Problem statement. Repeat the data below in full. Pictures must not be part of the copy.

Supplied data.

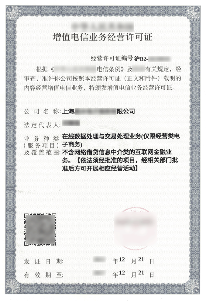 资质全称:第二类增值电信业务许可证-在线数据处理与交易处理业务
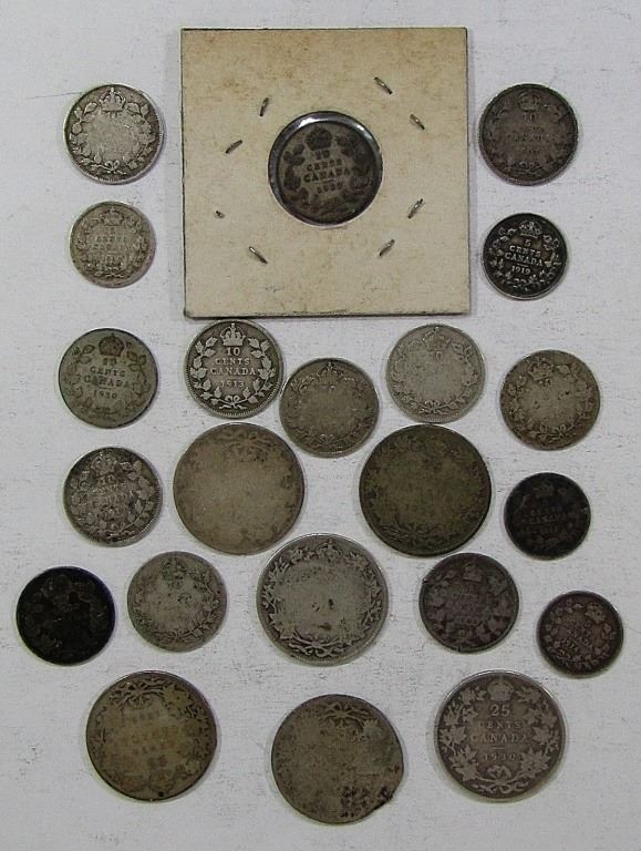 (4) EARLY 1900's 5 CENTS, (12) EARLY DATE 10 CENTS, (6) EARLY DATE 25 CENTS
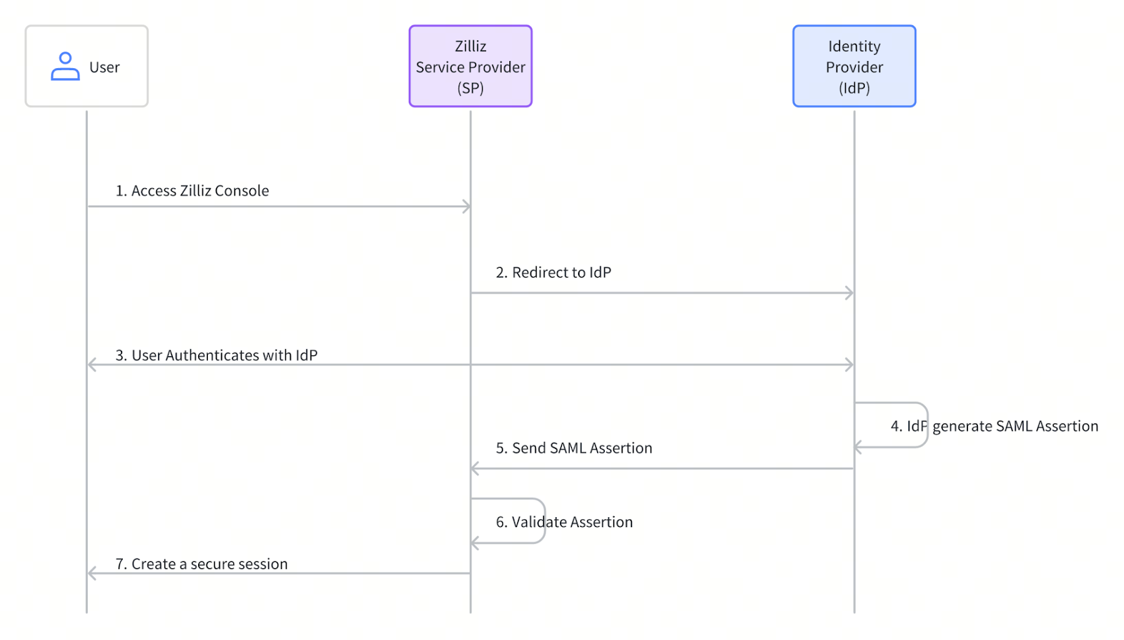 Figure: IdP ↔ Zilliz Cloud SSO workflow
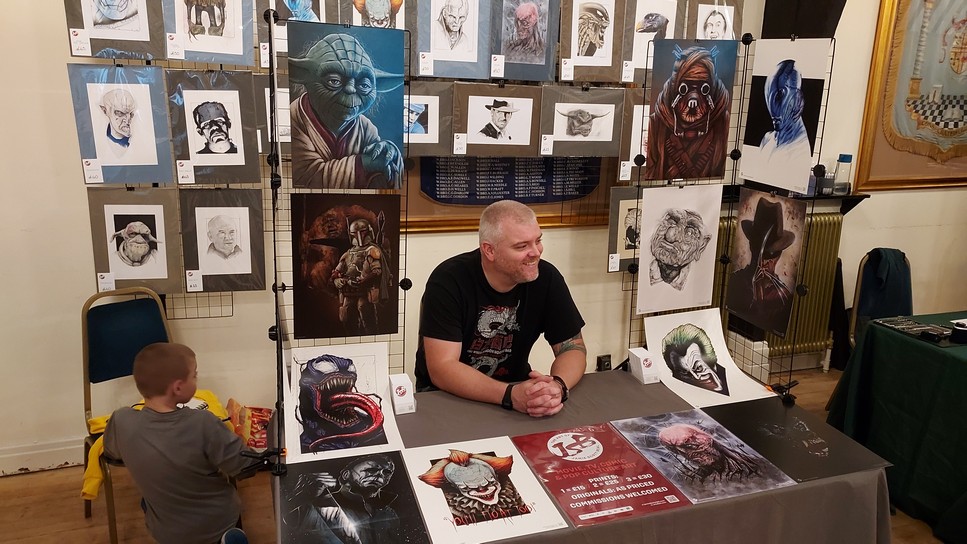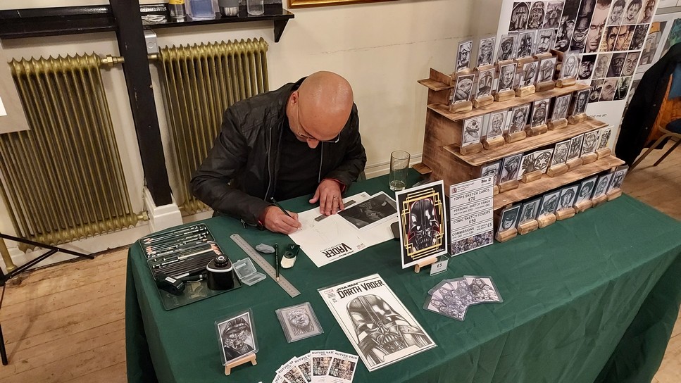 Also there was our good pal Topps artist Rutvig Vaid, studiously drawing away for the day as we checked out the various stalls at the show, Upstairs was a mixture of signers, stalls and artists, while the always industrious Joker Squad were occupying a healthy space at the back of the room. Always friendly and ready to engage, it was a pleasure to catch up with the crew at the show.

Your response.
 资质全称:第二类增值电信业务许可证-在线数据处理与交易处理业务
 (4) EARLY 1900's 5 CENTS, (12) EARLY DATE 10 CENTS, (6) EARLY DATE 25 CENTS
 Figure: IdP ↔ Zilliz Cloud SSO workflow
 Also there was our good pal Topps artist Rutvig Vaid, studiously drawing away for the day as we checked out the various stalls at the show, Upstairs was a mixture of signers, stalls and artists, while the always industrious Joker Squad were occupying a healthy space at the back of the room. Always friendly and ready to engage, it was a pleasure to catch up with the crew at the show.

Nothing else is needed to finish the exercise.